Day 184: “What do you think about that…..head f!@#???”

Hey there!  Well it’s all over…I had my polygraph test this morning, and for some reason the only thing I could think about the whole time was the above scene from “Beerfest”.  “What do you think about that….head f!@#???”  as he chews his glass with a bloody mouth.  I think it was Eleanor Roosevelt who said “Polygraph tests are like that scene in the Wizard of Oz when the flying monkeys pull apart the scarecrow.”  Well let me tell you something Eleanor, you weren’t kidding.  I have to admit it was very nerve racking, but it wasn’t as bad as I thought it was going to be.  I didn’t lie at all, but for some reason I feel kind of down in the dumps this afternoon.  I think it is because now I just have to wait a while before I hear anything…or it might be the fact that I just had to pour my heart out to some complete stranger who now probably thinks I am a freak.

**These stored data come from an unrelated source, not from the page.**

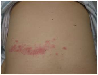 옷을 벗으며 보여준 학생의 어깨와 위팔에는 발진과 몇 개씩 모여있는 물집이 있었습니다. 오른쪽 경추 5번, 6번 신경분절을 따라서 생긴 전형적인 피부병변, 5일 전부터 좀 쑤시기만 하다가 통증이 심해지면서 어제 발진을 발견했다고 말하는 것으로 보아 전형적인 대상포진이었습니다.
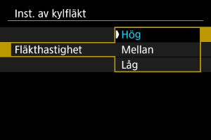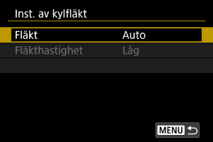 - Kylfläkten kanske inte stannar även när den är inställd till [Auto] och används under höga temperaturer och andra fotograferingsmiljöer.
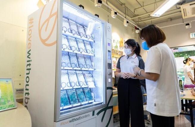此外,新世界早前推出全港首創的 「自助口罩提取計劃」,自五月起分兩階段與 6間非牟利機構合作,於轄下的 37間指定中心設置「自助口罩提取機」, 並透過有關機構向預先登 記的基層及弱勢社群派發輕觸式「口罩提取卡」,讓他們每星期憑卡到 「自助口罩提取機」 獲取新世界本地生產的1包共5個口罩。
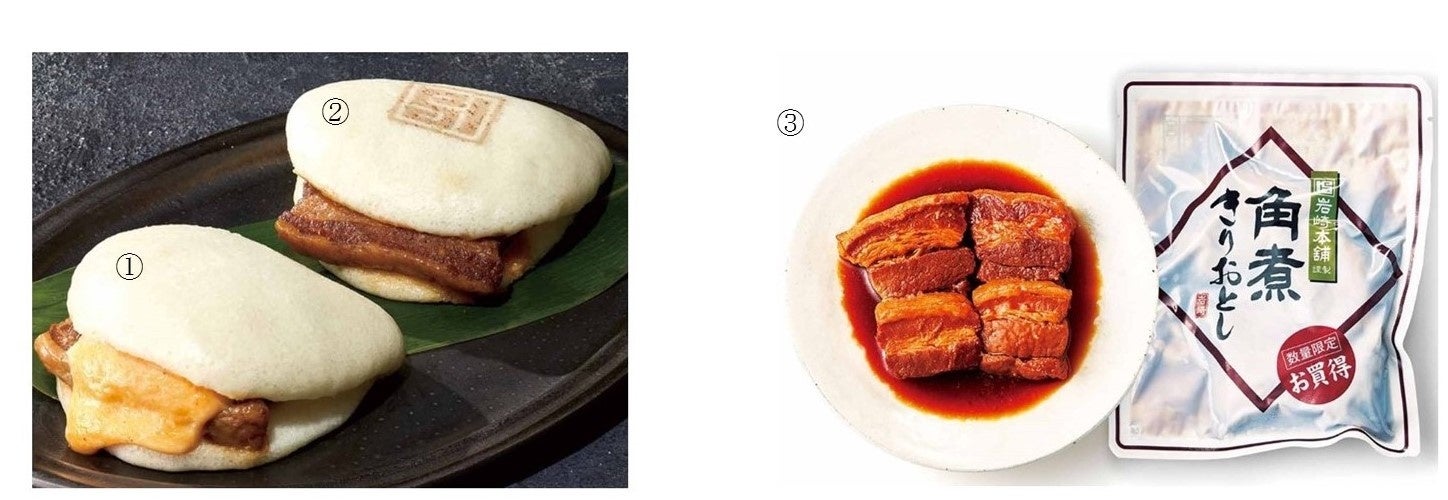 ②長崎角煮まんじゅう(5個入、1袋、冷凍)2,501円 ③特別ご提供品 角煮きりおとし(180g、
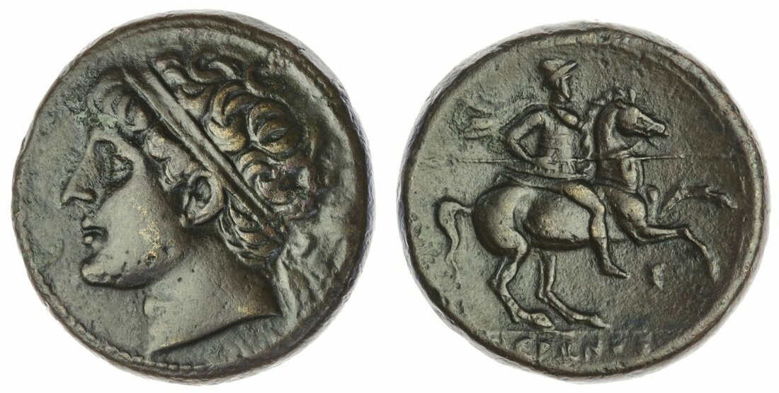 Sicily, Syracuse, Heiron II (275-215 BC), Æ 27mm., diademed head of Heiron left, rev. horseman right, holding spear, E below (SNG Morcom 823; SNG Copenhagen 834), brown patina, very fine

My favorite questions were “have you ever had thoughts about dressing up like a women and walking around in public?”, “have you ever been hit on by a homosexual?”, and “do these pants make my ass look good?” as the guy stood up, pulled his pants tight around his ass, and looked back over his shoulder at me.  Of course the answer to all 3 was “absolutely”….HAHAHA I’m just kidding, but it would have been funny to see his reaction.  The first two questions were actually asked, the last one I made up, in case you were wondering.

By far the worst part of the test was how they made me close my eyes when I answered the questions.  First off, I was nervous just because I had no idea what questions were going to be asked.  Second off, it was 7 in the morning and I was tired considering I haven’t been up at 7 in the morning in ages, unless of course it was because I hadn’t gone to bed yet.  I think it was a combination of those two things that made me get really dizzy when I had to close my eyes.  The guy giving me the test was sitting right next to me, but after about 2 minutes of sitting there with my eyes closed, it sounded like he was getting farther and farther away, and at one point it even sounded like he was in the other room and it was really freaking me out.  It freaked me out so much in fact at one point I stood up and screamed “I CAN’T TAKE THIS ANYMORE!!!!” and ran out of the room.  That is another joke, hahaha!  I am feeling pretty playful this afternoon, probably because I couldn’t tell a lie this morning.

"Have I ever had the urge to dress up like a women and walk around in public???  No way......"

"Have I ever had the urge to dress up like a women and walk around in public??? No way......"

As usual, I shall keep all of ye faithful blog readers up date with any new information I hear on the job front.

This past weekend I played in a cornhole tournament, dominated it, and won some pocket change.  Sometimes its not fair being so awesome at a game like cornhole.  I also practically stole $10 from the Big Ginger on the Anderson Silva/Forrest Griffin MMA fight after Griffin got punked and ran out of the ring.  I don’t know if I should be blogging about this, because I might have to claim that money with the state of Ohio since I am collecting unemployment.  (Update: just ignore everything mentioned above).

"What happened?  Why am I so bloody?"  The Big Ginger just lost $10, that's what just happened.

"What happened? Why am I so bloody?" The Big Ginger just lost $10, that's what happened.

That’s all I got for now.  Everyone have a pleasant Monday and try to stay cool.  In case you haven’t noticed it’s like 150 degrees out and my butt has been sweaty for about 56 straight hours now.  I am going for my personal record of 103 hours which I set last week.  I am gonna try and go for a run this afternoon….I don’t know why.  “Have you ever shaved your pubes, glued them to your face, and pretended you were a lumberjack?” was another question I was asked this morning.  HAHAHA I KEED, I KEED!  But seriously….have you?  One Love!